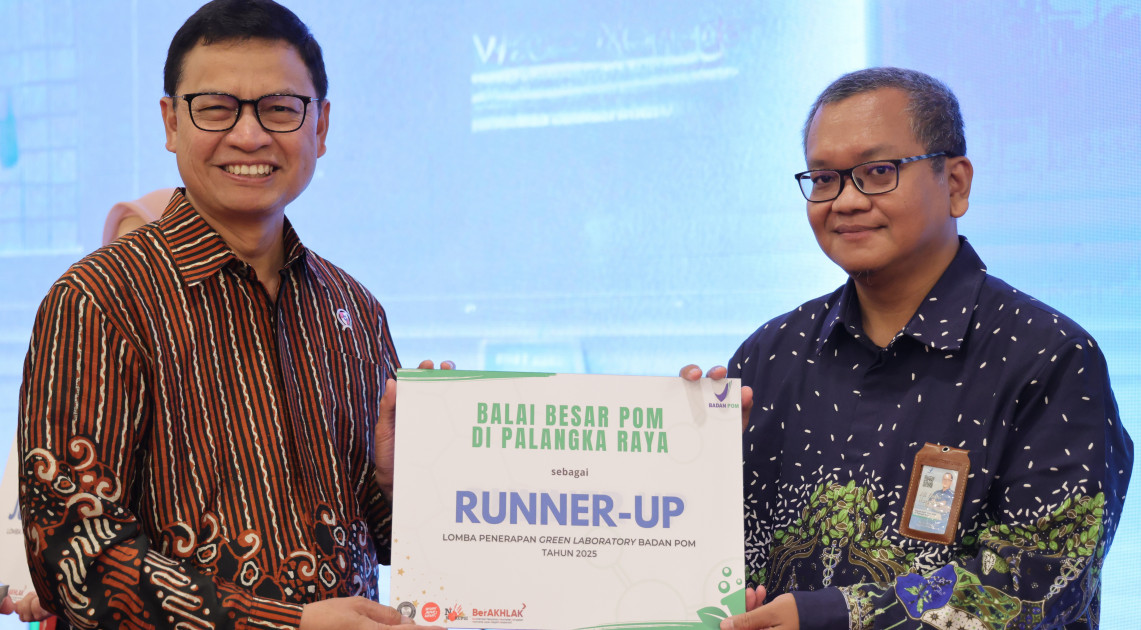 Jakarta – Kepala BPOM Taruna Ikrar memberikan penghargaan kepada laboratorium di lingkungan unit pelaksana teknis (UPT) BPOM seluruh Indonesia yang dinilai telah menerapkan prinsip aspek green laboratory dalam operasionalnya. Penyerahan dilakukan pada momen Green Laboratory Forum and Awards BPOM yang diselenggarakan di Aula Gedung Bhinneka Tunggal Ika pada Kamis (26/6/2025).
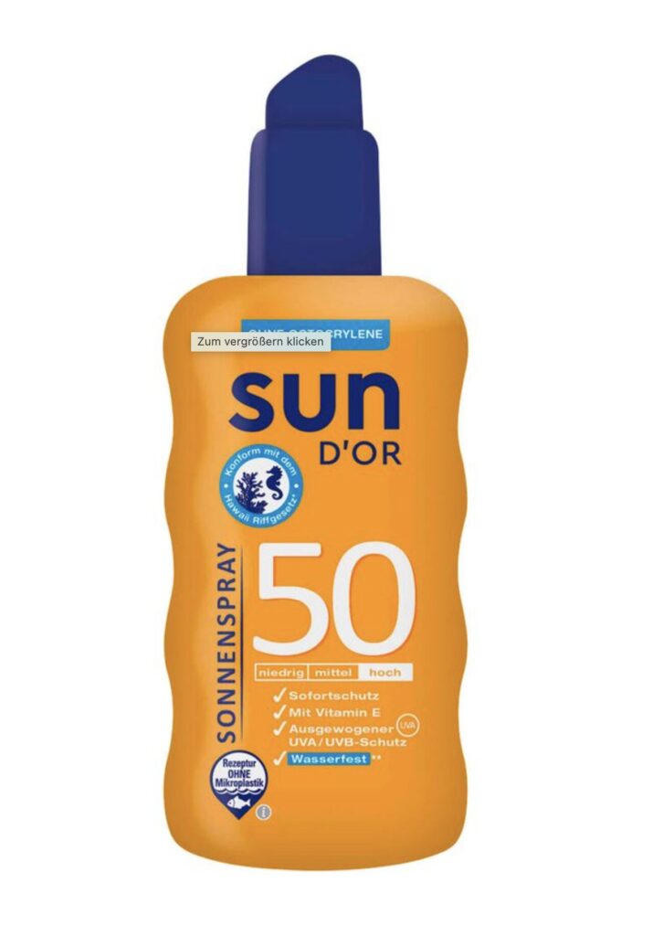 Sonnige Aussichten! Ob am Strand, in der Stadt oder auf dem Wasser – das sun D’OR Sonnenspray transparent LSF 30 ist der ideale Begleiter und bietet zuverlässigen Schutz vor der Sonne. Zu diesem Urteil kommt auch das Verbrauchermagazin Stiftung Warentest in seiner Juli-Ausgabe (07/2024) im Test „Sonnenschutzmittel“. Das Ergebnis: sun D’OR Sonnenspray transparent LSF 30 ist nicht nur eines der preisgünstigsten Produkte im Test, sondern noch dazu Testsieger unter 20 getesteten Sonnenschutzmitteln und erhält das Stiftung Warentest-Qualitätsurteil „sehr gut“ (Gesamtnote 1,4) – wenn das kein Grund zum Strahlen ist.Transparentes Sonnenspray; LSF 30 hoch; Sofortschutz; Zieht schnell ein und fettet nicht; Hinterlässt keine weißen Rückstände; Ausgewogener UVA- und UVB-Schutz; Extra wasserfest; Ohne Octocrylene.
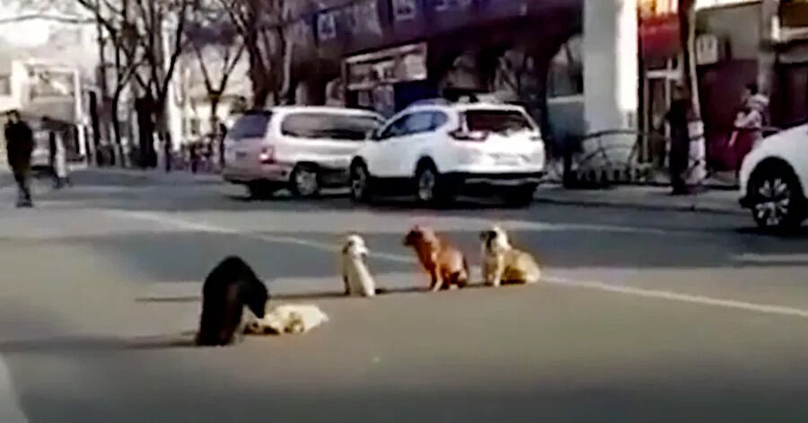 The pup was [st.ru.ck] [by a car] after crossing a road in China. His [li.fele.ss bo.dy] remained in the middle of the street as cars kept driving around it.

### [What you are asked to do]
Transcribe the whole listing exactly as it stands, apart from the pictures.

### [Task response]
 Jakarta – Kepala BPOM Taruna Ikrar memberikan penghargaan kepada laboratorium di lingkungan unit pelaksana teknis (UPT) BPOM seluruh Indonesia yang dinilai telah menerapkan prinsip aspek green laboratory dalam operasionalnya. Penyerahan dilakukan pada momen Green Laboratory Forum and Awards BPOM yang diselenggarakan di Aula Gedung Bhinneka Tunggal Ika pada Kamis (26/6/2025).
 Sonnige Aussichten! Ob am Strand, in der Stadt oder auf dem Wasser – das sun D’OR Sonnenspray transparent LSF 30 ist der ideale Begleiter und bietet zuverlässigen Schutz vor der Sonne. Zu diesem Urteil kommt auch das Verbrauchermagazin Stiftung Warentest in seiner Juli-Ausgabe (07/2024) im Test „Sonnenschutzmittel“. Das Ergebnis: sun D’OR Sonnenspray transparent LSF 30 ist nicht nur eines der preisgünstigsten Produkte im Test, sondern noch dazu Testsieger unter 20 getesteten Sonnenschutzmitteln und erhält das Stiftung Warentest-Qualitätsurteil „sehr gut“ (Gesamtnote 1,4) – wenn das kein Grund zum Strahlen ist.Transparentes Sonnenspray; LSF 30 hoch; Sofortschutz; Zieht schnell ein und fettet nicht; Hinterlässt keine weißen Rückstände; Ausgewogener UVA- und UVB-Schutz; Extra wasserfest; Ohne Octocrylene.
 The pup was [st.ru.ck] [by a car] after crossing a road in China. His [li.fele.ss bo.dy] remained in the middle of the street as cars kept driving around it.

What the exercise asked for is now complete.